> [Work to complete] Where the string "Wide" occurs in a line of the data below, that line should be copied.
---*---
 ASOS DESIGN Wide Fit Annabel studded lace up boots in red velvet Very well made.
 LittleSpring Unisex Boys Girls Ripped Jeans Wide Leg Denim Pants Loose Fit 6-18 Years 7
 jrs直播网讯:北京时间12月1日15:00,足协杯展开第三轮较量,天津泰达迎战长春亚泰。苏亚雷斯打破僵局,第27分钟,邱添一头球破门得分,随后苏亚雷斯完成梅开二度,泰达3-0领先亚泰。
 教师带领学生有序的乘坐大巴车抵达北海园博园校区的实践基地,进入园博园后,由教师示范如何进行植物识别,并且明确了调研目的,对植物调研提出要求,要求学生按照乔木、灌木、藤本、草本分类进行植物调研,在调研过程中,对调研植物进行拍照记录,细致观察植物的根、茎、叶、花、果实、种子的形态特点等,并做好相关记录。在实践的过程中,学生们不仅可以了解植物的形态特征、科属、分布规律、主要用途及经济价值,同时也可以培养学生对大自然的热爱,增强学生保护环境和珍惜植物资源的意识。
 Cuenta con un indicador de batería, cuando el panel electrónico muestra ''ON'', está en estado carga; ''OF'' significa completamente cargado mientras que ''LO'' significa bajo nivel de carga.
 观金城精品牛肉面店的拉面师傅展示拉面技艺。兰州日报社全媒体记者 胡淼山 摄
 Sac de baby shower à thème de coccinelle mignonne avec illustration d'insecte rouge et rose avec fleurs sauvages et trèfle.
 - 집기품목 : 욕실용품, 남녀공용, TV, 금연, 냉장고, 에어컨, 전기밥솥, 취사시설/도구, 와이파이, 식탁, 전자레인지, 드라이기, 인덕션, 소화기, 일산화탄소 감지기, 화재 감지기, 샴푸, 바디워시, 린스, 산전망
---*---
> [Response for this exercise]
 ASOS DESIGN Wide Fit Annabel studded lace up boots in red velvet Very well made.
 LittleSpring Unisex Boys Girls Ripped Jeans Wide Leg Denim Pants Loose Fit 6-18 Years 7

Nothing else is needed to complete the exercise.